Informação histórica ou fofoca jornalística?

A leitura do livro Impérios do mar - sobre o conflito entre cristãos e muçulmanos no século XVI, no Mar Mediterrâneo, e escrito por Roger Crowley, um historiador profissional, "formado na Universidade de Cambridge" - suscitou-me algumas reflexões à margem das suas páginas.

Esse é um livro muito interessante, mas um aspecto em particular chamou-me a atenção.
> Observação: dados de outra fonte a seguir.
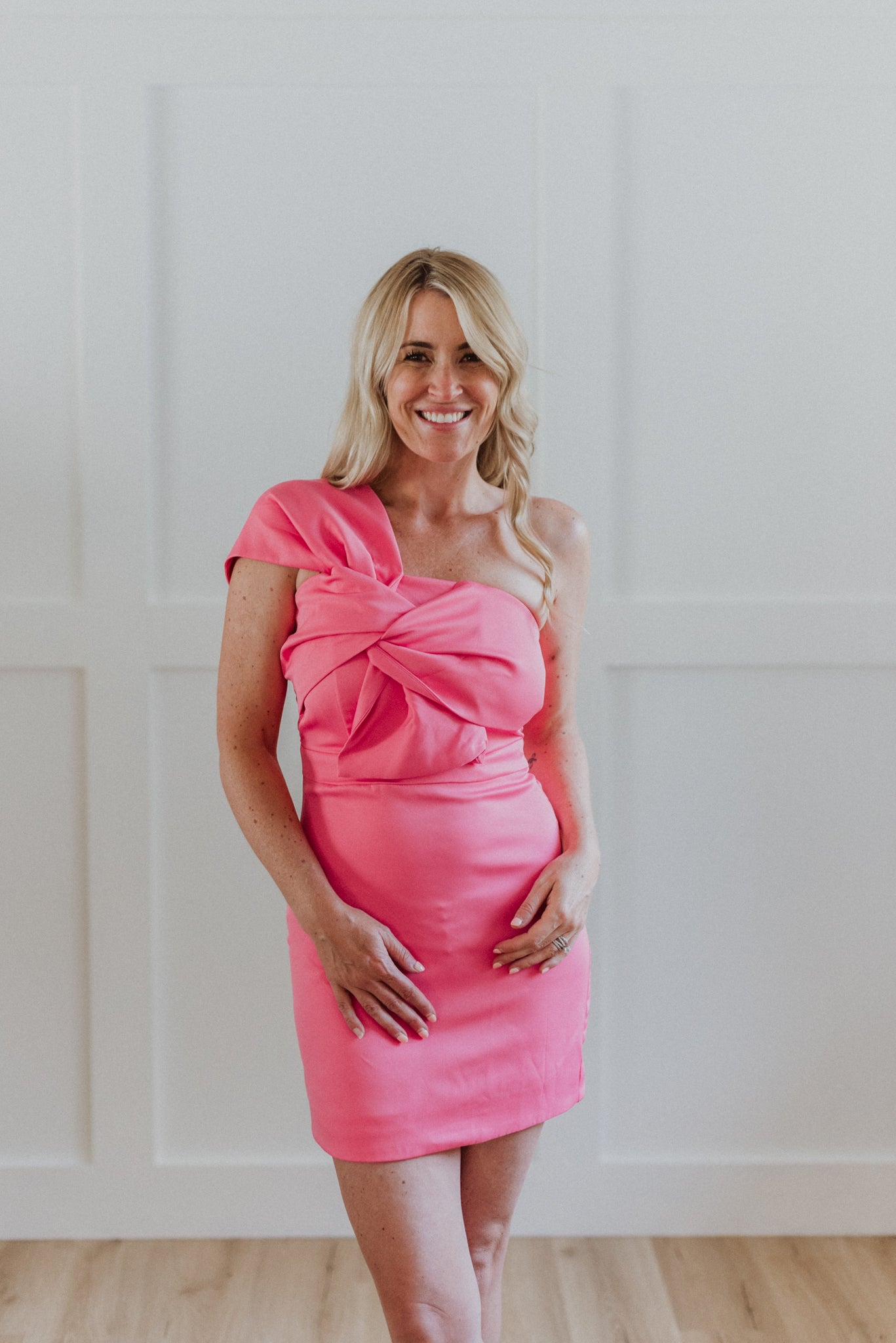 This one shoulder dress features a mini skirt, back zip, and stretchy in hot pink fabrication for a fun summer cocktail attire. The one shoulder and wrap bow detail add a fun but elegant touch to the dress, making it a must-have for any wardrobe. Perfect for any occasion, this dress is sure to impress.

Logo no início do livro há uma ilustração de Carlos V, que foi imperador da Espanha, do Império Romano-Germânico, dos Países Baixos e de um sem-número de outras possessões.

Mas a legenda da foto indicava, além de nomear Carlos V, que ele tinha problemas digestivos e um pouco de gagueira, devido à sua mandíbula proeminente.

Conclusão: a ilustração evidencia que o importante a respeito de Carlos V é que ele tinha problemas gastrointestinais e de fala. Nada a respeito do grande líder político que ele foi e da dificílima conjuntura que ele enfrentou.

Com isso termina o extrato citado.